# EXERCISE DIRECTIONS
Retype only the lines that run from the top of the material below to the line bearing "PIP (Выкл. /", inclusive, and keep the pictures out.

# EXERCISE MATERIALS
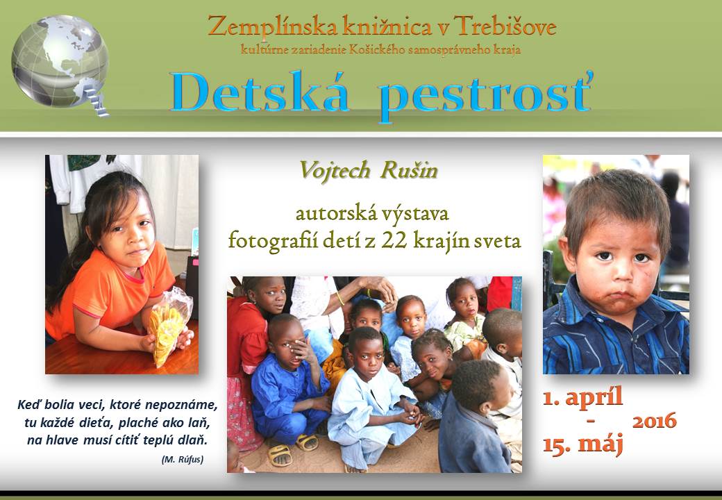 Výstava fotografií detí z 22 krajín sveta autora Vojtecha RUŠINA v priestoroch Zemplínskej knižnice v Trebišove od 1. apríla do 15. mája 2016.
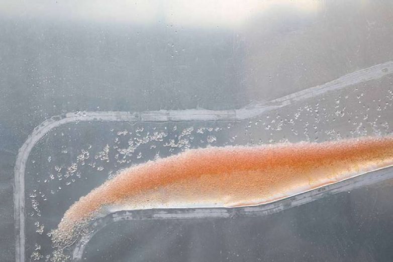 Zagađeni vazduh ulazi na dnu zavese, alge hvataju ugljen dioksid, a fotosinteza od njih pravi kiseonik koji izlazi na vrhu zastora.
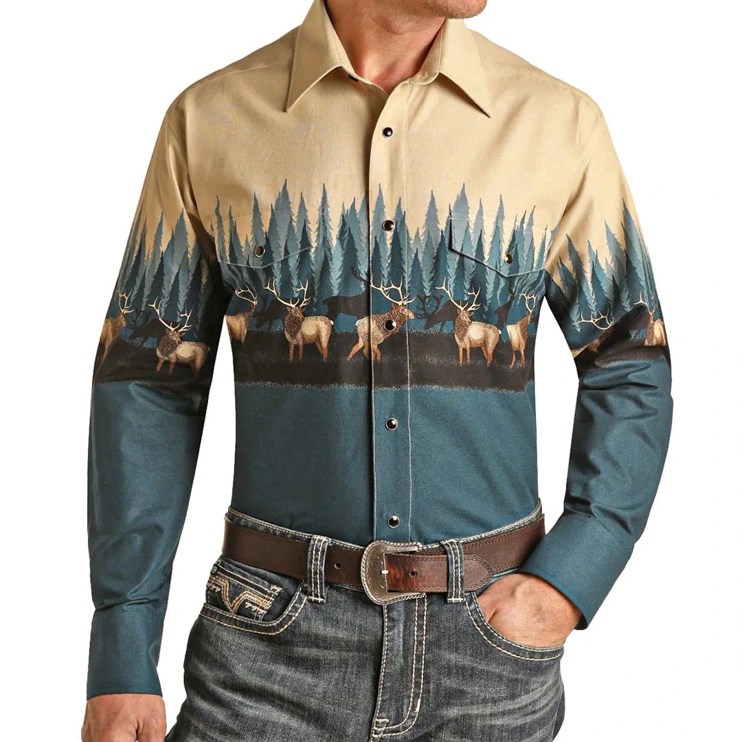 Introducing the Panhandle Men's Elk Border Long Sleeve Snap shirt – a rugged and stylish choice for the modern adventurer. This shirt features a distinctive elk border design, adding a touch of outdoor flair to your wardrobe. Crafted with quality materials and attention to detail, it offers both comfort and durability. Elevate your casual look with the Panhandle Men's Elk Border Long Sleeve Snap shirt, where outdoor aesthetics meet contemporary style for the adventurous man.
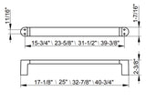 - Nominal / Actual sizes: 18" / 17-1/8" :: 25" / 25 " :: 32" / 32-7/8" :: 40" / 40-3/4". Sizes are end to end, all inclusive.
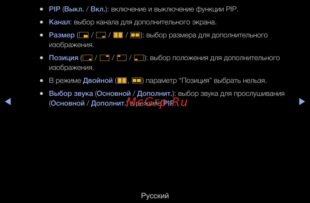 PIP (Выкл. / Вкл.): включение и выключение функции PIP.
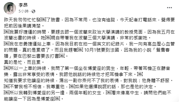 李昂後續回應。臉書截圖 李昂隨後表示,在捷運上讓座與否,只要有理由或者態度和善,她都選擇尊重,但那個對她藐視、翻白眼的女生才是真正觸怒了她,所以她才發了早先那篇貼文。 至於為什麽要喊話蔣萬安,李昂認為隨著台灣人口老齡化越來越嚴重,這樣的糾紛只會越來越多,那麽是不是可以有一個更明確的規範讓大家都去遵守?畢竟這是博愛座而不是一般的座位。 其實,台灣博愛座的“禮讓”與“逼讓”爭議早已有之,2016年台灣“衛福部”就表示,有民眾提議將“博愛座”改稱“優先座”;也有民眾提議,幹脆直接廢除博愛座,這樣就可以避免再發生爭議,這一觀點當時甚至得到不少民眾的認同。但後面由於各種原因,博愛座被保留了下來。 據了解,台灣女作家李昂本名施淑端,出生於台灣彰化鹿港,李昂是其筆名,其作品中最為顯著的元素是女性主義,著有《殺夫》等小說,2004年曾獲法國“藝術與文學勛章”。(完) 【編輯:凌玉辉】
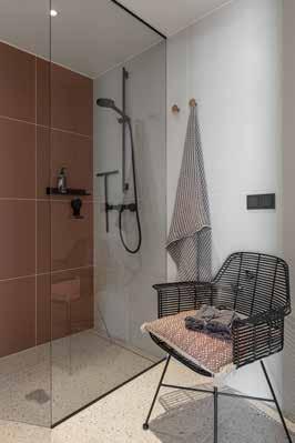 Санузлы впечатляют уже отделкой в соответствии с пакетом – стена приятного терракотового оттенка с модной напольной плиткой террацо и качественной мебелью, а также некоторы-
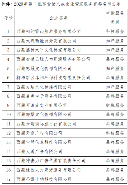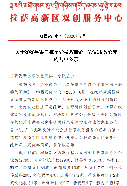 关于2020年第二批享受猪八戒企业管家服务套餐 的名单公示
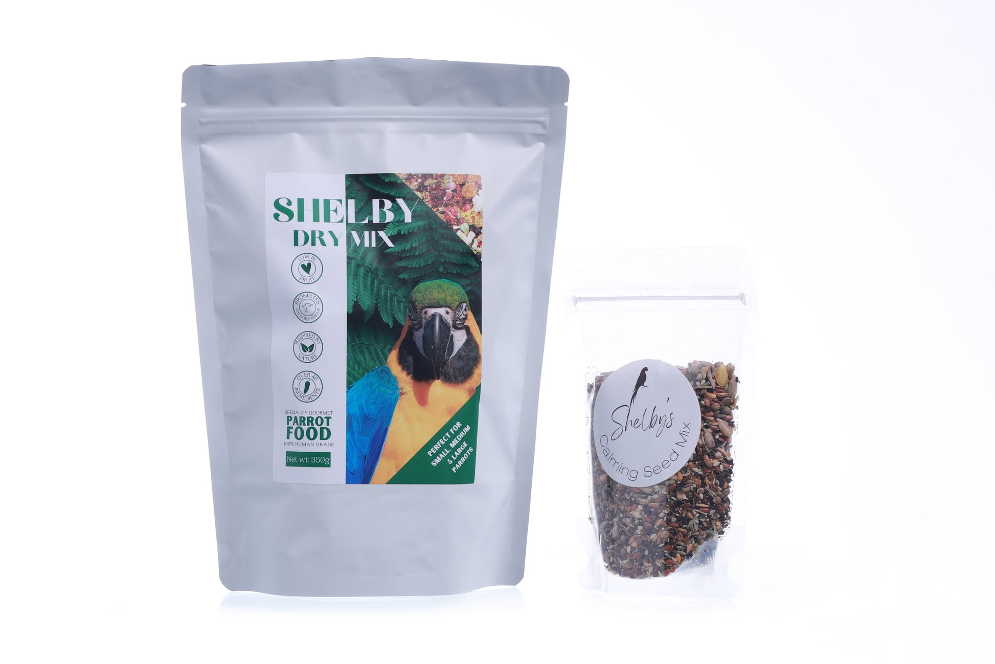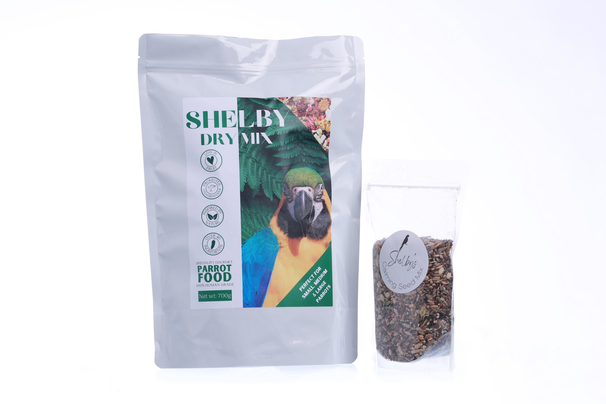 An ultra healthy combination of over 44 specially selected human grade, freeze-dried vegetables, freeze-dried fruits, flowers, herbs and spices for parrots of all sizes. The Shelby Dry Mix was created with ultimate health in mind, with each ingredient providing a concentrated variety of essential vitamins and minerals. This gourmet parrot food contains no fillers, nothing artificial or processed, is entirely natural and uses 100% human-grade ingredients, meaning we are proud to say there is no other parrot food on the market that compares.
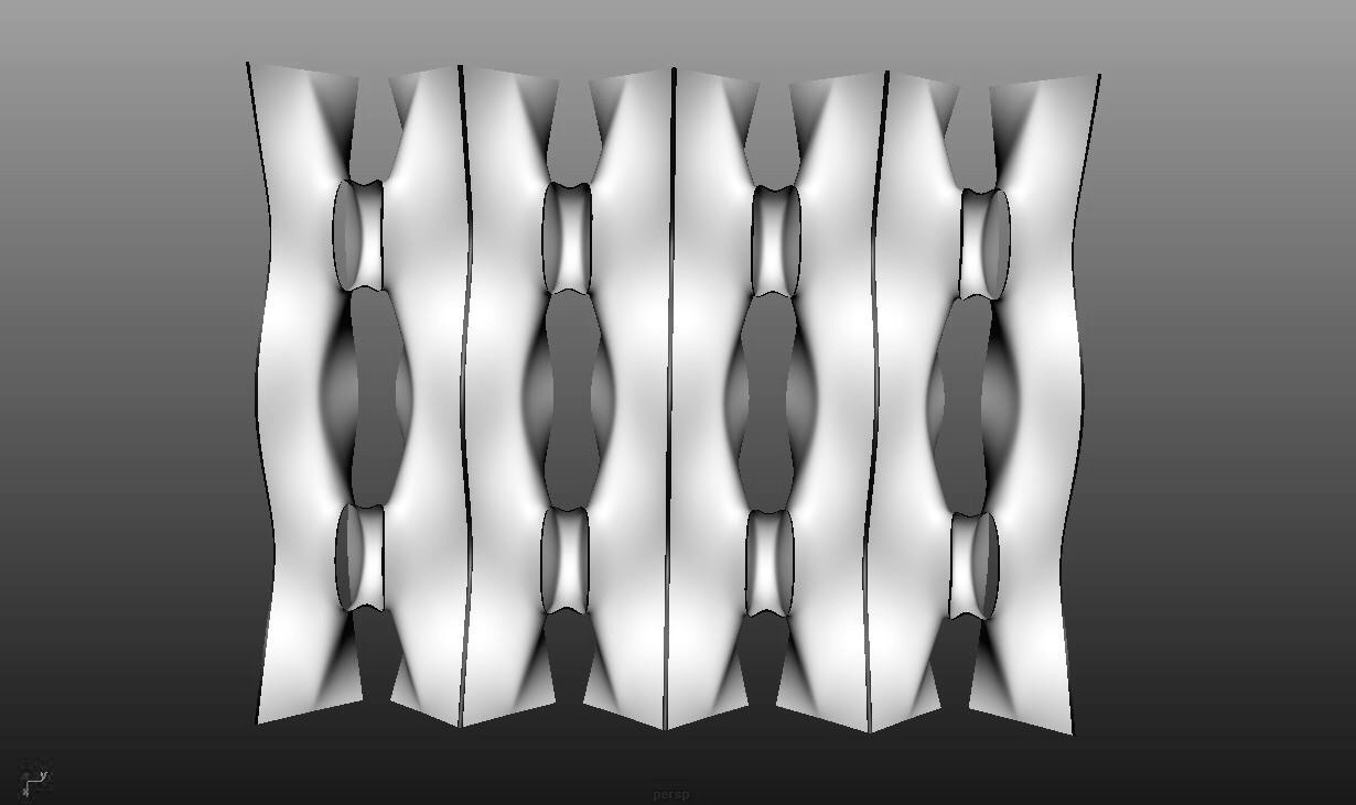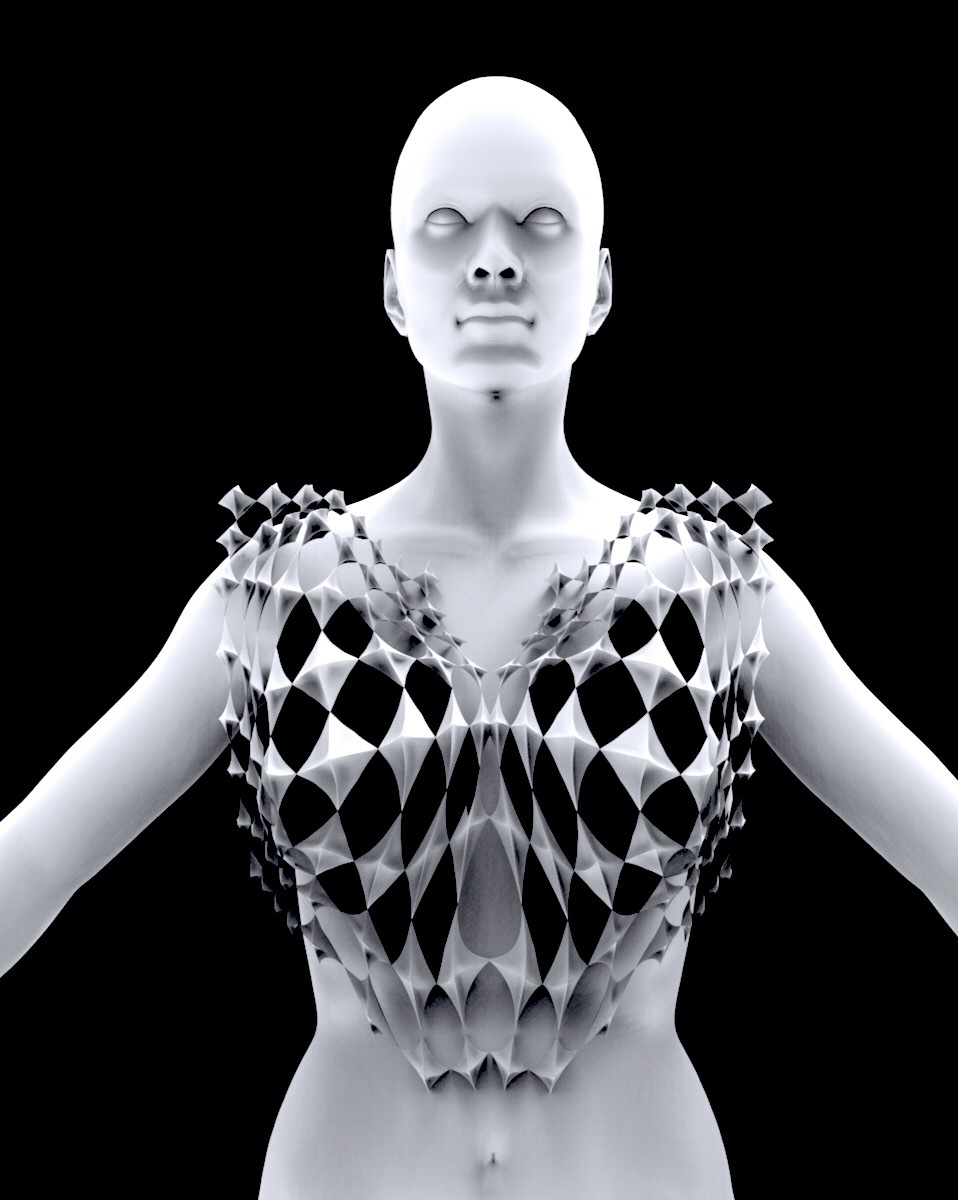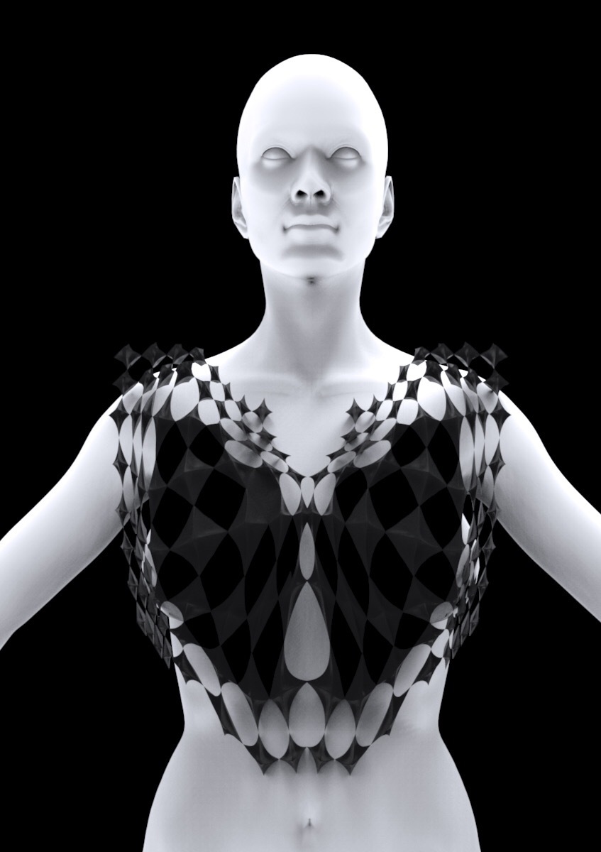 这个3D面料目录是一个自主发起的研究项目,旨在探索如何利用3D打印和激光切割等数字制造技术,用创新性的方式创造时尚织物。面料3D图案是使用3D建模软件创建的,带有可重复的3D组件,这些组件沿着服装轮廓的曲线和曲面在人体上扩散。
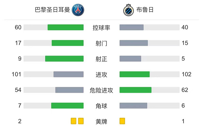 下半场伤停补时3分钟,全场比赛结束,最终巴黎圣日耳曼4-1击败布鲁日。

# RESULT
 Výstava fotografií detí z 22 krajín sveta autora Vojtecha RUŠINA v priestoroch Zemplínskej knižnice v Trebišove od 1. apríla do 15. mája 2016.
 Zagađeni vazduh ulazi na dnu zavese, alge hvataju ugljen dioksid, a fotosinteza od njih pravi kiseonik koji izlazi na vrhu zastora.
 Introducing the Panhandle Men's Elk Border Long Sleeve Snap shirt – a rugged and stylish choice for the modern adventurer. This shirt features a distinctive elk border design, adding a touch of outdoor flair to your wardrobe. Crafted with quality materials and attention to detail, it offers both comfort and durability. Elevate your casual look with the Panhandle Men's Elk Border Long Sleeve Snap shirt, where outdoor aesthetics meet contemporary style for the adventurous man.
 - Nominal / Actual sizes: 18" / 17-1/8" :: 25" / 25 " :: 32" / 32-7/8" :: 40" / 40-3/4". Sizes are end to end, all inclusive.
 PIP (Выкл. / Вкл.): включение и выключение функции PIP.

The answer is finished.